Data extracted from a collection:
******************************

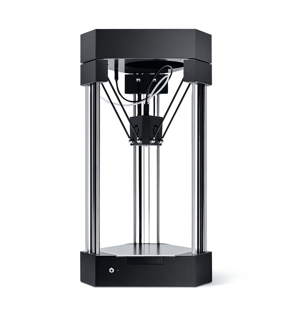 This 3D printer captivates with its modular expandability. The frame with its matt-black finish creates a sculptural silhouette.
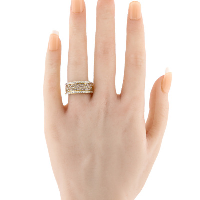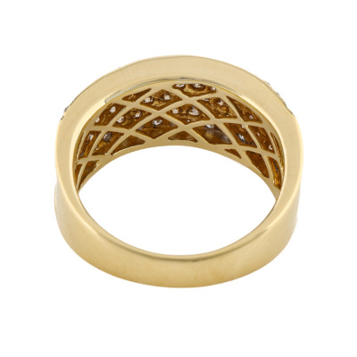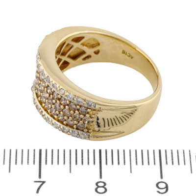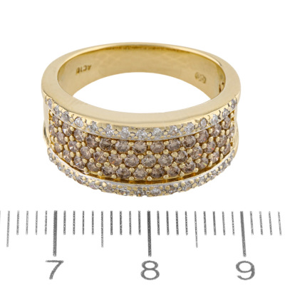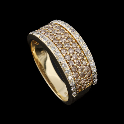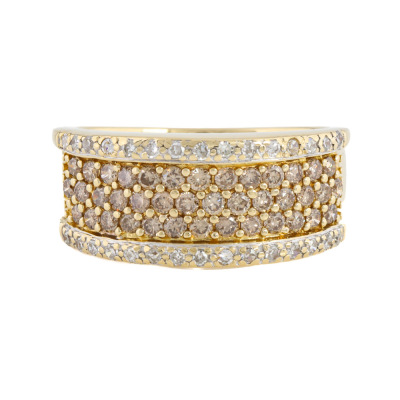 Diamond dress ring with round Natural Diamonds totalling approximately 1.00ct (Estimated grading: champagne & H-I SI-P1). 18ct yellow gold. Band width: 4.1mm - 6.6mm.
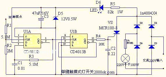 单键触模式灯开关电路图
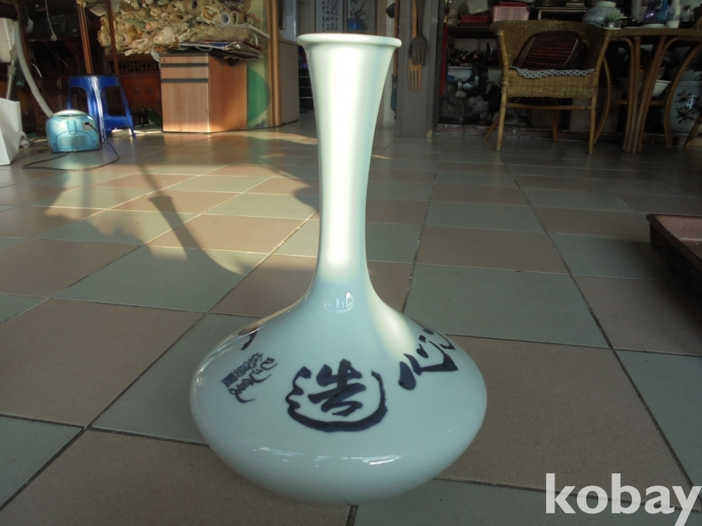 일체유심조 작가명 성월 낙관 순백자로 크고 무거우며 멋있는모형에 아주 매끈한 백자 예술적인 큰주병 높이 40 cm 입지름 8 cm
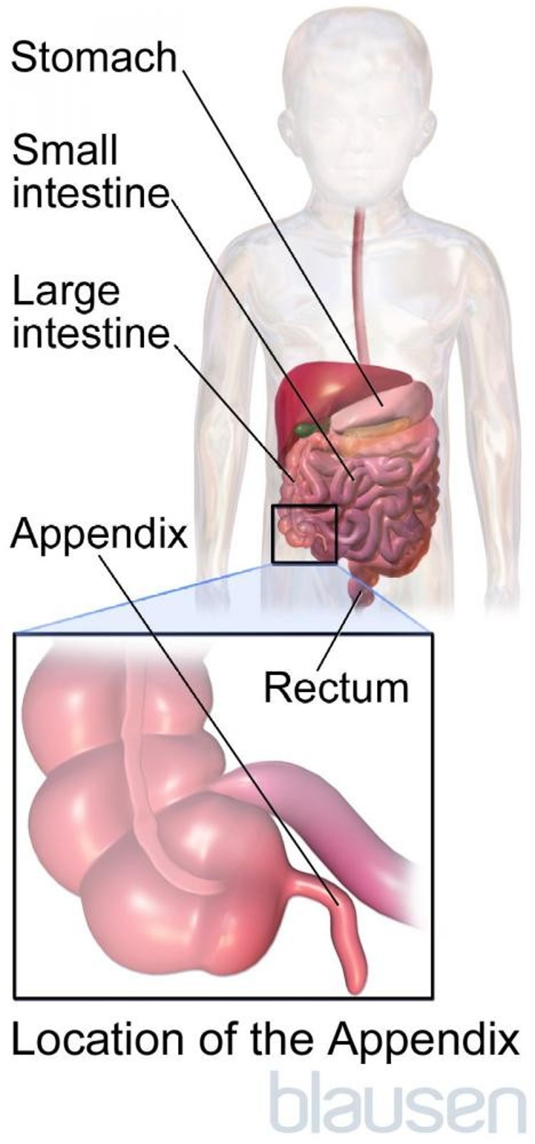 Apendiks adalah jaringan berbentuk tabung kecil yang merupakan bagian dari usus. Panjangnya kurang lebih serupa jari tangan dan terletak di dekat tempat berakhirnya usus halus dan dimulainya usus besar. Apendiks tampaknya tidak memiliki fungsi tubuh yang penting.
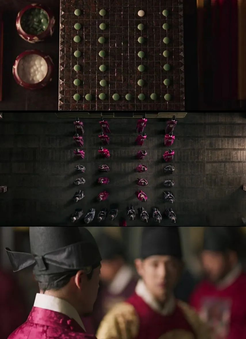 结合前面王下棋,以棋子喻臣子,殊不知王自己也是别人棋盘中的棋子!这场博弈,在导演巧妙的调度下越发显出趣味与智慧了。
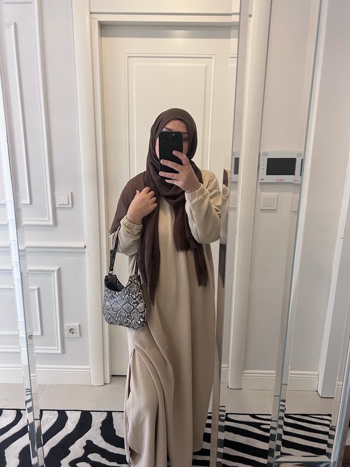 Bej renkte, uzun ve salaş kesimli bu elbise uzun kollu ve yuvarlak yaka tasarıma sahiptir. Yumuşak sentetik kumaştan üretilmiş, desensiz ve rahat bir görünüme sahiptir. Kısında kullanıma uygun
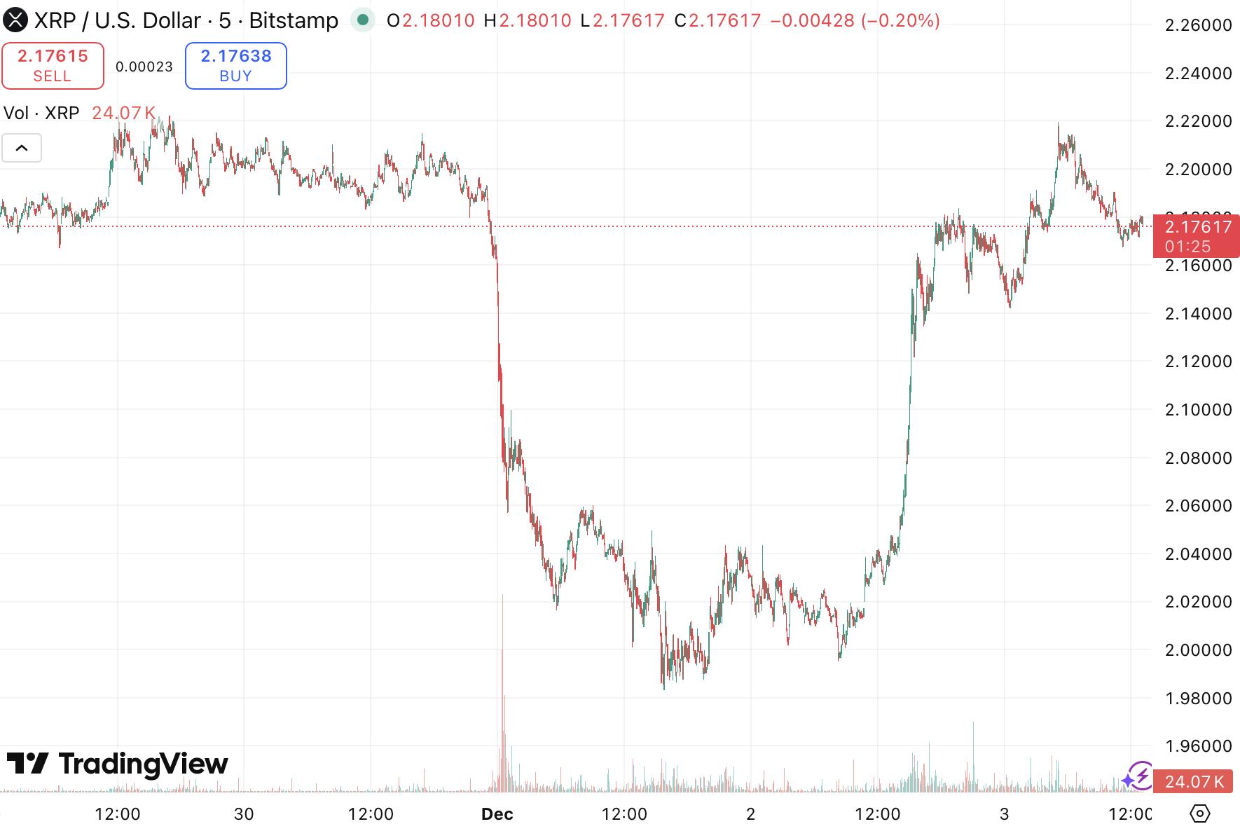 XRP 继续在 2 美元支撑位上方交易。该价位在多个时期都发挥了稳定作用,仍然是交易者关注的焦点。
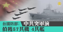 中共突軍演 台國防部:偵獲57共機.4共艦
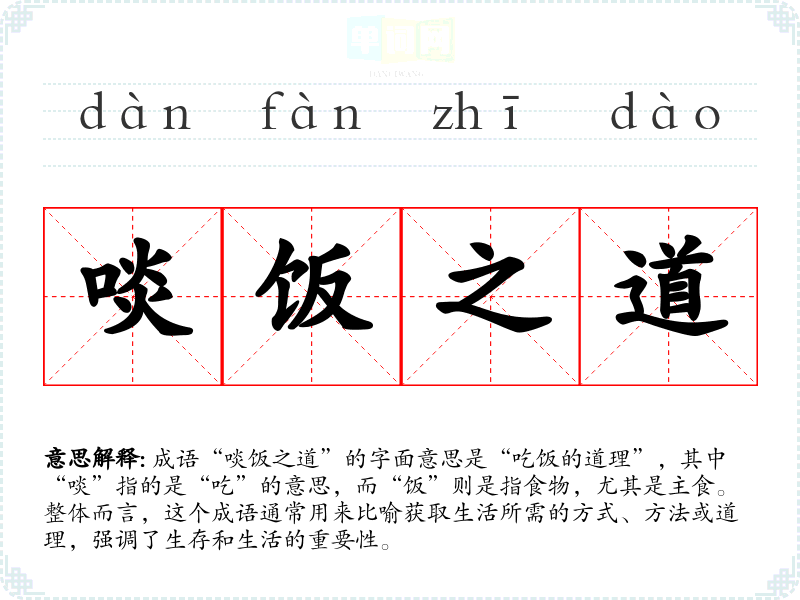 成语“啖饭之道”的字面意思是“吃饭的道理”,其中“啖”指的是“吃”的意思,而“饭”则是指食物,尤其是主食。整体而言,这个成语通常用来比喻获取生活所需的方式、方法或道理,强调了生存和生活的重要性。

******************************

Task objective: I would like the exact lines from the data above, starting with the one that holds "单键触模式灯开关电路图" and going on through the one that holds "结合前面王下棋,以棋子喻臣子", without the pictures.

Result below:
 单键触模式灯开关电路图
 일체유심조 작가명 성월 낙관 순백자로 크고 무거우며 멋있는모형에 아주 매끈한 백자 예술적인 큰주병 높이 40 cm 입지름 8 cm
 Apendiks adalah jaringan berbentuk tabung kecil yang merupakan bagian dari usus. Panjangnya kurang lebih serupa jari tangan dan terletak di dekat tempat berakhirnya usus halus dan dimulainya usus besar. Apendiks tampaknya tidak memiliki fungsi tubuh yang penting.
 结合前面王下棋,以棋子喻臣子,殊不知王自己也是别人棋盘中的棋子!这场博弈,在导演巧妙的调度下越发显出趣味与智慧了。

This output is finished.